TranSource contested the SIS for Readington-Roseland and its other requested upgrades, saying it lost financing because of what it called PJM’s “badly inflated” estimates. The RTO eliminated TranSource’s queue positions when it refused to pay for the studies.
Baten ruled that the lack of transparency in PJM’s SIS process made it “unduly discriminatory” to merchant developers by depriving them of business opportunities.
But while the commission directed PJM to add more detail regarding its SIS methodologies and assumptions to its Tariff, it ruled that the RTO’s treatment of TranSource “represent a transparent process that is just and reasonable.” It said the Exelon facilities study cited by TranSource was an interconnection study, not a transmission planning study.
The commission also reversed Baten’s findings that the line rating methodology lacked transparency and that it was reasonable for TranSource to rely on Form 715 ratings in conducting its own evaluation of its upgrade requests.

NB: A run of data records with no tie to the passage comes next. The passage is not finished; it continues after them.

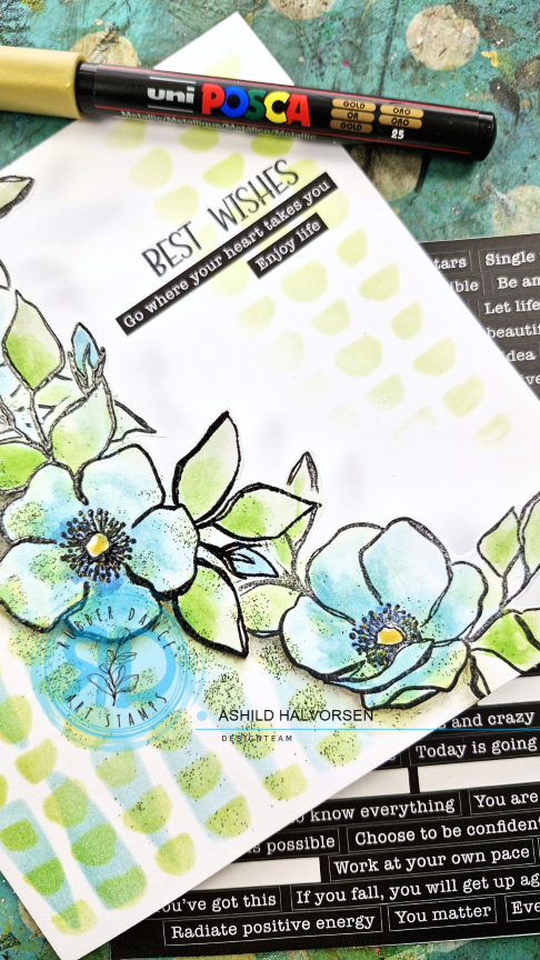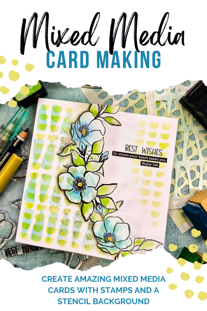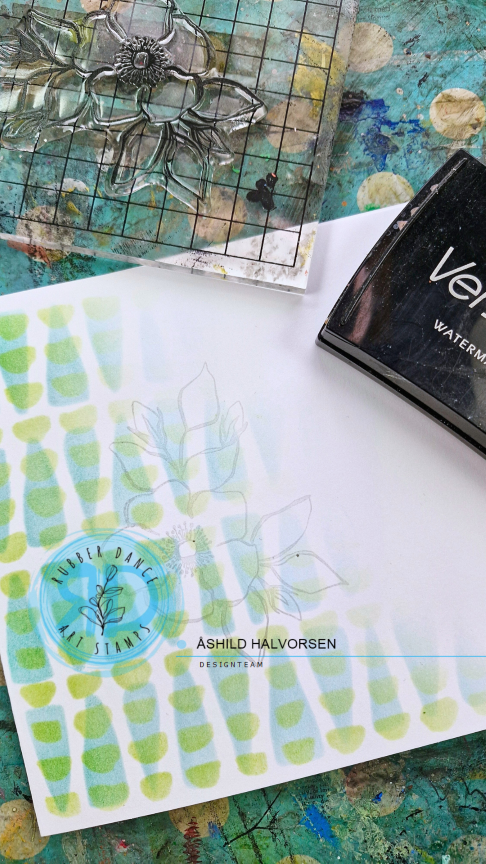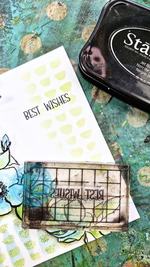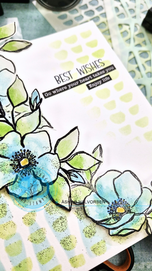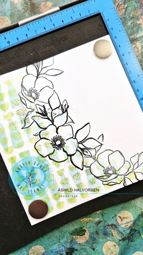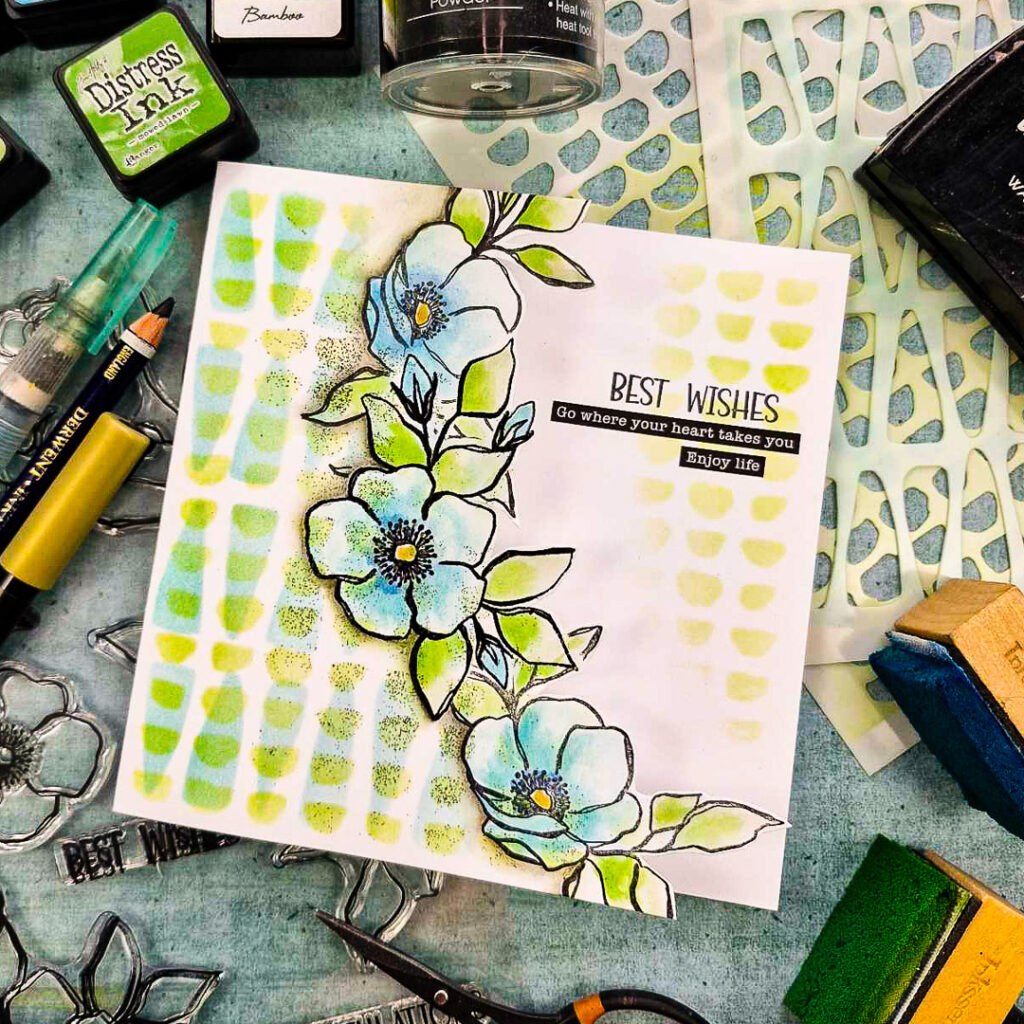 The artsy stencil designs from Rubber Dance are not only perfect for messy mixed media projects. They work so well for a cleaner style too. Today I am sharing a greeting card tutorial using the Marks 2 and Big Triangles stencil for the background. I am using some of the Inky Flowers to create an outstanding focal image!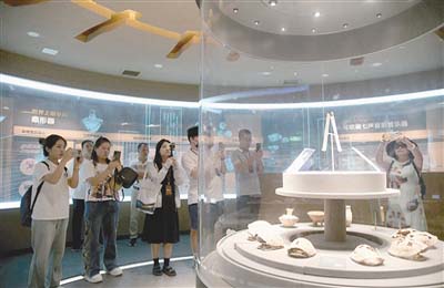 采訪團(tuán)成員在賈湖遺址博物館參觀。記者 李宜書 攝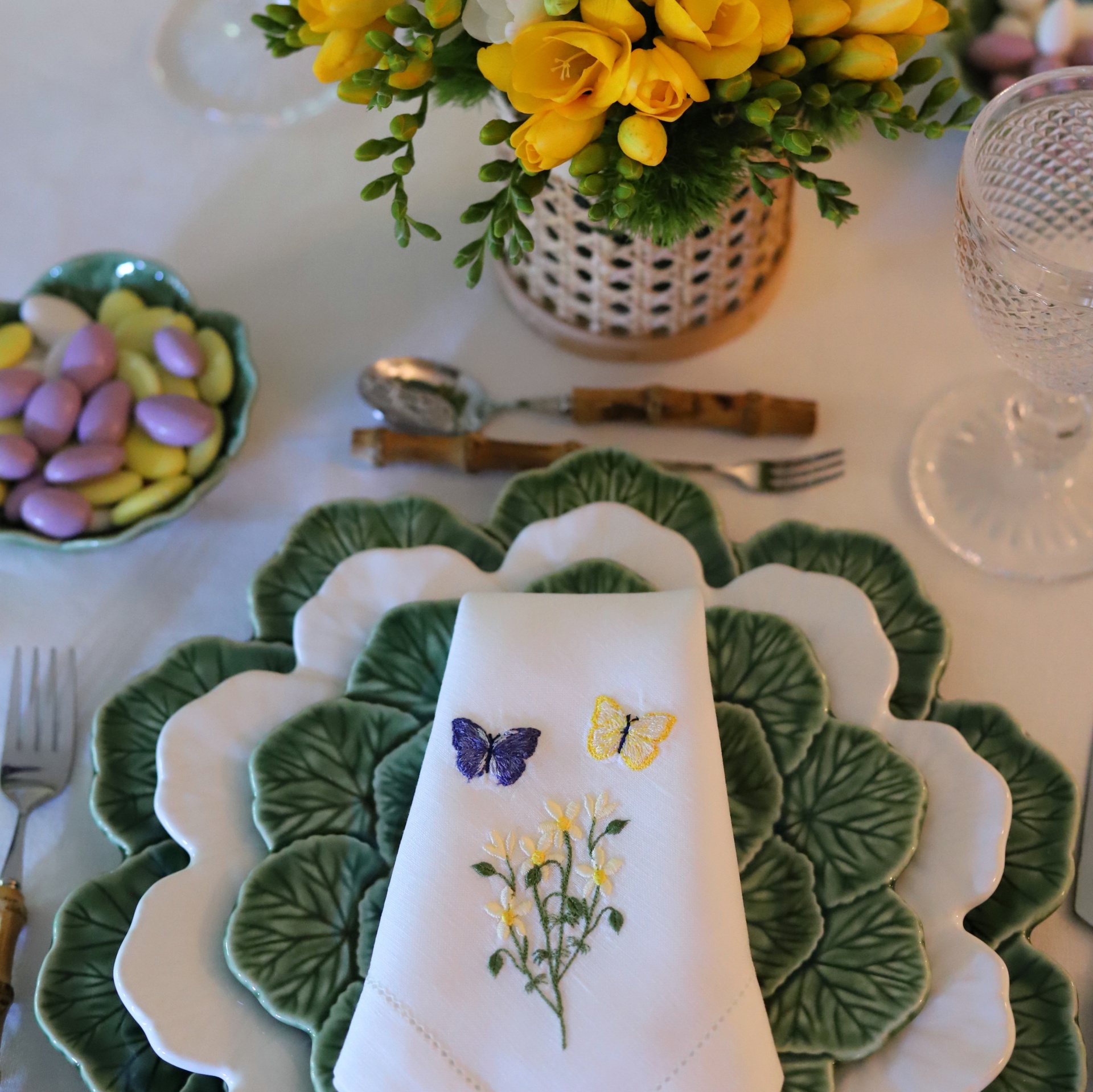 • Conjunto de pratos com padrão folhas, guardanapo bordado com borboletas, talheres de madeira, taça de vidro e arranjo flores amarelas.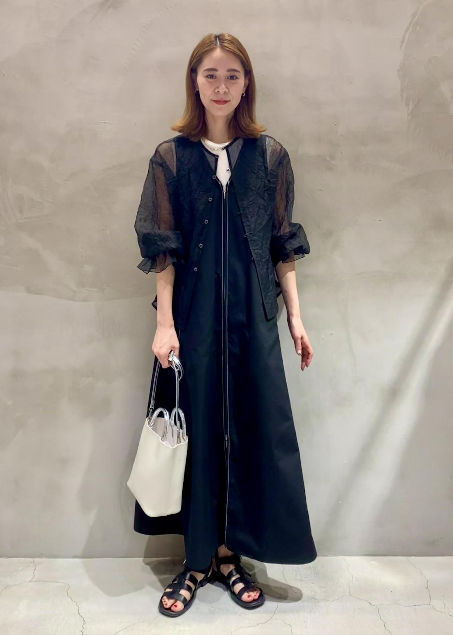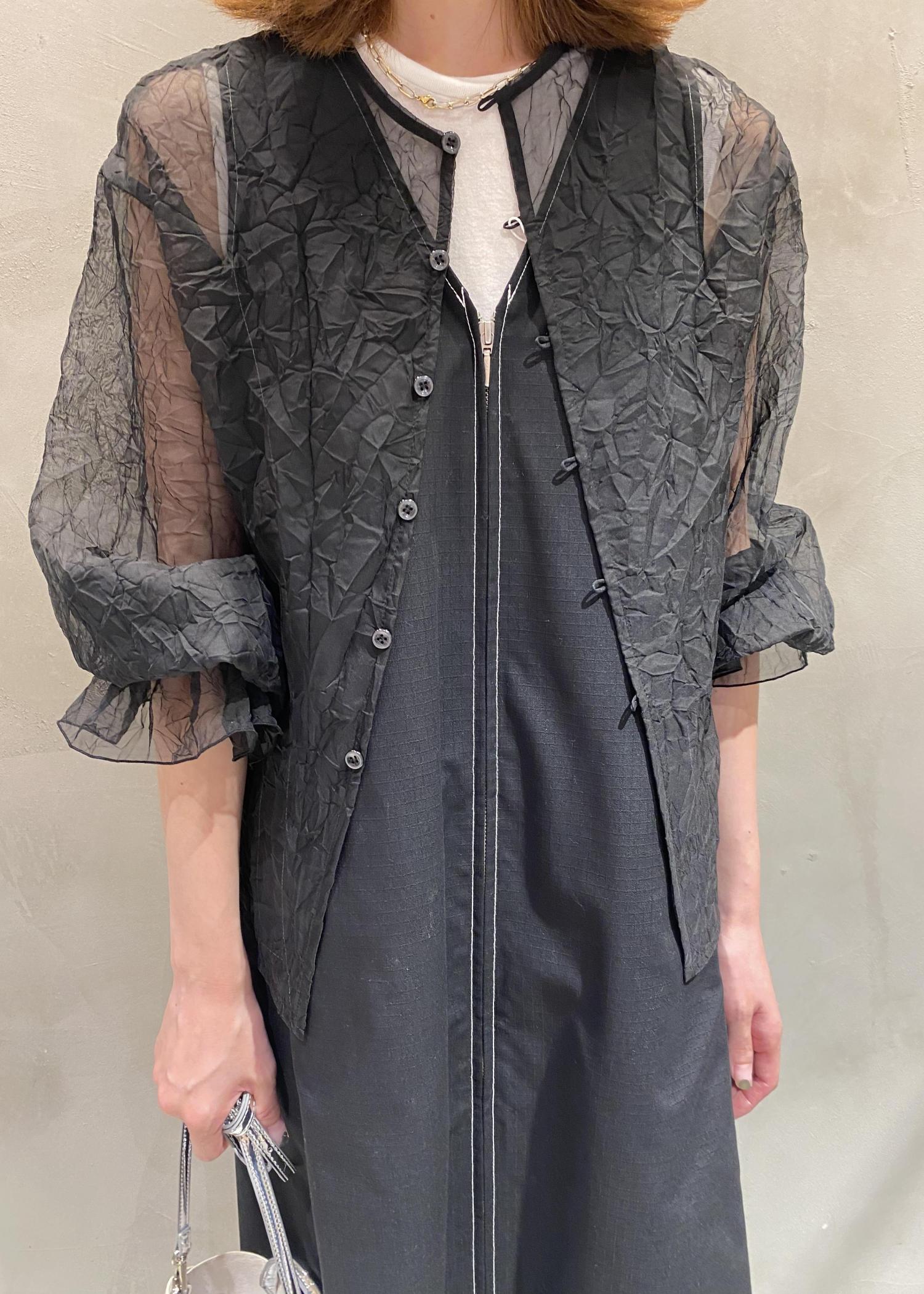 前後着用できてコーディネートの幅も広がる、涼しげなシアーブラウスとなっております!

And it said the judge ignored precedent and the facts in concluding that PJM’s SIS process was unduly discriminatory. Citing Congress’ creation of classes under civil rights statutes, Baten concluded that FERC had “created a class” of merchant developers and established “benefits for the class.” He said that since the IARR program began in 2007, only one project (combining five queue positions) had been awarded IARRs out of 41 Attachment EE queue positions.
FERC said Baten failed to make a finding that PJM treated TranSource differently than other Attachment EE customers or that Attachment EE customers were treated differently than other classes of customers.
“We agree with PJM, the PJM transmission owners and trial staff that the presiding judge’s reliance on the fact that very few Attachment EE requests have resulted in IARRs being awarded is misplaced,” the commission said. It added that he ignored testimony from David Egan, then manager of PJM’s Interconnection Projects Department, that “to make a profit under Attachment EE, a developer must find a ‘sweet spot’ where the transmission upgrades reduce congestion, but enough congestion remains so that the resulting IARRs have value.”
The commission dismissed as moot TranSource’s request to require PJM to add a pre-SIS phase to the Attachment EE process, noting that FERC approved the addition of a feasibility study to the process in April 2018.